Global core bonds are treading water today as the sluggish US-Sino trade negotiations put investors in wait-and-see modus. Global core bonds started the week with a cautious downward trend, unable to profit from a lower equity opening in across Europe. As equity markets continued to slide, core bonds regained some ground. The Bundesbank said that Germany’s rebound at the start of the year was largely due to one-off factors and added that the underlying trend remains weak. German Bunds jumped higher and undid part of its intraday losses. The German yield curve is steepening with yield changes vary between -0.2 bps (2-yr) and +0.7 bps (30-yr). US Treasuries behaved similarly and erased early losses throughout the day. The US April Chicago National Activity printed below expectations but had little impact, as was the case for comments by Atlanta Fed chief Bostic. The rather dovish policy maker doesn’t foresee a Fed rate cut this year. The US yield curve is mixed with modest changes in the range of -1.5 bps(30-yr) to +0.1 bp (2-yr). Italian Deputy PM Salvini repeated that tax cuts should be initially financed with higher deficits and vowed to change EU Tax rules to push through his promise of a 15% flat tax for everyone. The Italian spread over the German 10-year yield widened (+ 3 bps). Other peripheral spreads remain stable.

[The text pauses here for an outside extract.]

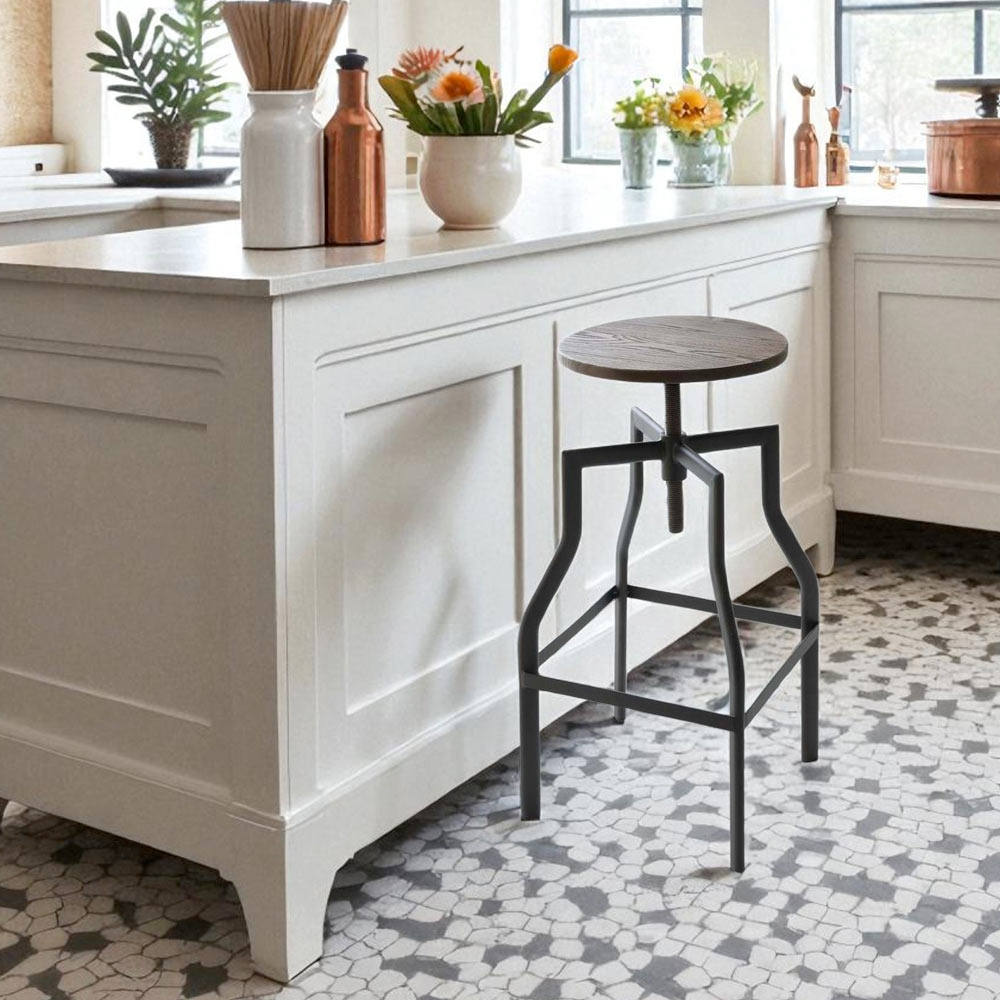 Cuenta con una estructura metálica pintada en negro de estilo industrial y un asiento de nogal industrial, ajustable en altura hasta un máximo de 76 cm. Consigue el máximo estilo y comodidad con este taburete.

The escalation in the US China trade war is causing substantial losses on most equity markets. Investors fear more retaliation after US companies suspended (some of) their supply to Chinese tech giant Huawei. However, for now, the risk-off repositioning mainly concerns equites. Moves in core bonds and in the major FX cross rates are modest. The yen outperforms, but its gain is modest and orderly. USD/JPY returned below the 110 handle and trades currently in the 109.80 area. Last week’s USD rebound against the euro also halted. US/German interest rate differentials are showing no clear directional trend. EUR/USD is regaining a few ticks and trades in the 1.1165 area. The relative calm on the FX markets is at least a bit remarkable. Markets apparently are pondering where the damage of a further escalation in the trade war might be the worst. The Swiss franc is gaining a few ticks (EUR/CHF dropped again below 1.13). The Norwegian and Swedish krona are again in the defensive. Central European currencies (CZK, Forint and zloty) for now are little affected.
Recent Brexit-driven decline of sterling slowed, at least temporary. Political uncertainty on the fate of the Brexit deal and on the replacement of Theresa May remains as high as it has ever been. Still, sterling investors are awaiting next steps in the process. Sterling is holding near recent lows against the euro and the dollar; EUR/GBP is trading in the 0.8760 area. Cable rebounded temporary on USD weakens intraday, but is again trading in the 1.2730 area.
Belgian consumer confidence rose from -7 to -5 in May, the strongest outcome since December 2018. Details are showing an increase in the outlook for the Belgian economy (-9 from -13), a decline in concerns about unemployment (7 from 12), expectations of personal financial situation (-2 from -1) and expectations of saving capacity (-4 from -1).
The German Bundesbank fears that events supporting growth after the turn of the year will lapse or even reverse. Those factors include fiscal measures that boosted private consumption, a revival in car sales and mild winter weather. Downturn forces continue to be prevalent in industry and may even intensify somewhat. A gradual rebound in activity is only expected in H2 2019 alongside a global recovery.